Re: Matching NUL characters

  o MIME decoding may not be implemented and everything is (legally)
    treated as literal, although implementing it is a strong SHOULD.
    If not implemented, comparison works unless 8-bit characters are
    encountered.


no, MIME decoding is required.


It is not, because decoding etc. in section 2.7.2 is only a SHOULD and
followed by:

   If implementations fail to support the above behavior, they MUST
   conform to the following:

      No two strings can be considered equal if one contains octets
      greater than 127.

So it is not *required*, but it's not clear what is required.  That's
subject to interpretation.

  o  Broken words are treated as literal strings (MUAs either do that or
     decode them to junk, when their parser fails)


words that doesn't match the grammer are treated as literals.  how to
treat words that broken for other reasons is specified in RFC 2047
section 6.


I see the following in section 6:

   A mail reader need not attempt to display the text associated with an
   'encoded-word' that is incorrectly formed.  However, a mail reader
   MUST NOT prevent the display or handling of a message because an
   'encoded-word' is incorrectly formed.

So what is sieve supposed to do with incorrect words and where is that
defined?

   If the mail reader does not support the character set used, it may
   (a) display the 'encoded-word' as ordinary text (i.e., as it appears
   in the header), (b) make a "best effort" to display using such
   characters as are available, or (c) substitute an appropriate message
   indicating that the decoded text could not be displayed.

That's fine for a human interface, but an automated filter should
have a determined behaviour.

  o  Correct words with unknown character sets are treated as literal
     strings.  The assumption that all unknown character sets are
     one-byte codes and identical to US-ASCII in their lower 128
     octets is not sound.


remember that you can only compare against literal UTF-8 strings
(well, at least until we have a variables extension), so the
alternative is to make _all_ matches against strings in an unknown
character set fail.  that is not very useful.


The alternative is not to decode and convert what can't be decoded
and converted.  If the word is broken, or the character set is unknown,
then don't decode and convert it.

  Rationale: I would like the following test to be true:
  
     Subject: abc =?iso-8859-1?q?=c3abc?= =?unknown?q?def?=
  
     header : contains ["Subject"] ["abc"]
  
  The header can not be decoded entirely, so Sieve scripts should
  view it as the UTF-8 character for capital A with diaresis,
  followed by "abc" and "=?unknown?q??=".
  
  RFC 3028 would let the test fail, because the _whole_ header could
  not be converted and there is an 8-bit character.

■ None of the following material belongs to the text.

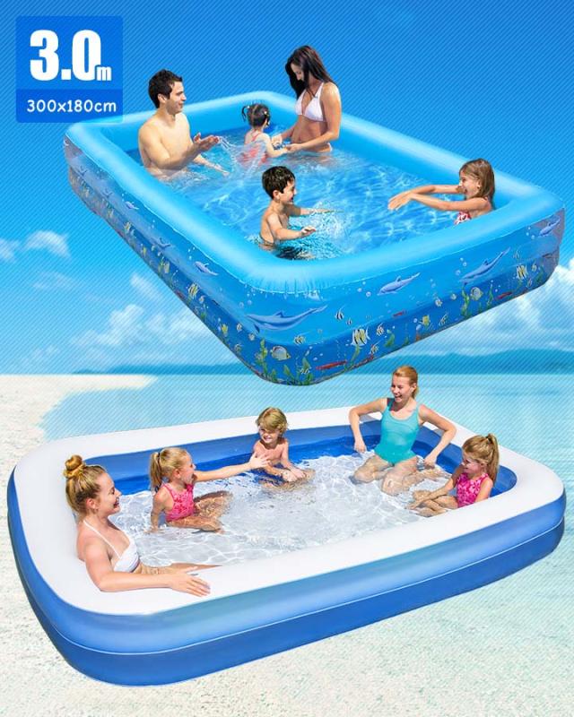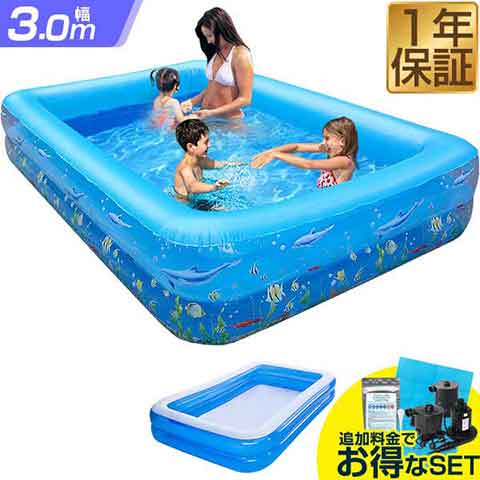 プール 大型 3m ビニールプール ファミリープール 3.0m 幅300cm×奥行×180cm 高さ45cm 長方形 四角 子供用 水遊び キッズプール レジャープール エアープール 家庭用プール 子ども用プール 除菌剤 消毒 電動ポンプ 空気入れ 1年保証 送料無料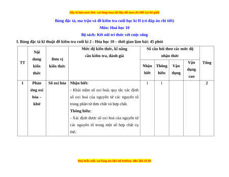 Bảng đặc tả, ma trận và đề kiểm tra cuối học kì II (có đáp án chi tiết) Môn: Hoá học 10

actually, this isn't clear in the RFC.  the string "abc" doesn't
contain 8-bit characters, and neither does the matching substring
"abc"...  I think the RFC can be read either way.  I favour that the
test is allowed to fail, though.


I favour well determined behaviour.

Concerning my original point of NUL characters, I read RFC 2047 again:

   Only printable and white space character data should be encoded using
   this scheme.  However, since these encoding schemes allow the
   encoding of arbitrary octet values, mail readers that implement this
   decoding should also ensure that display of the decoded data on the
   recipient's terminal will not cause unwanted side-effects.

First, the requirement of printable and white space character data is
a SHOULD.  Second, an embedded NUL causing a string to be truncated,
is an "unwanted side-effect" to me, but I have to accept it's only a
SHOULD, too.

This can probably be interpreted in sieve implementations failing to
match the substring "def" in "=?iso-8859-1?q?abc=00def?=" to be correct.
Amazing, isn't it?

Again, I favour well determined behaviour.  All those SHOULDs make it
very hard to implement Sieve, which is not helpful.  Converting some to
MUSTs would make is much easier.

Michael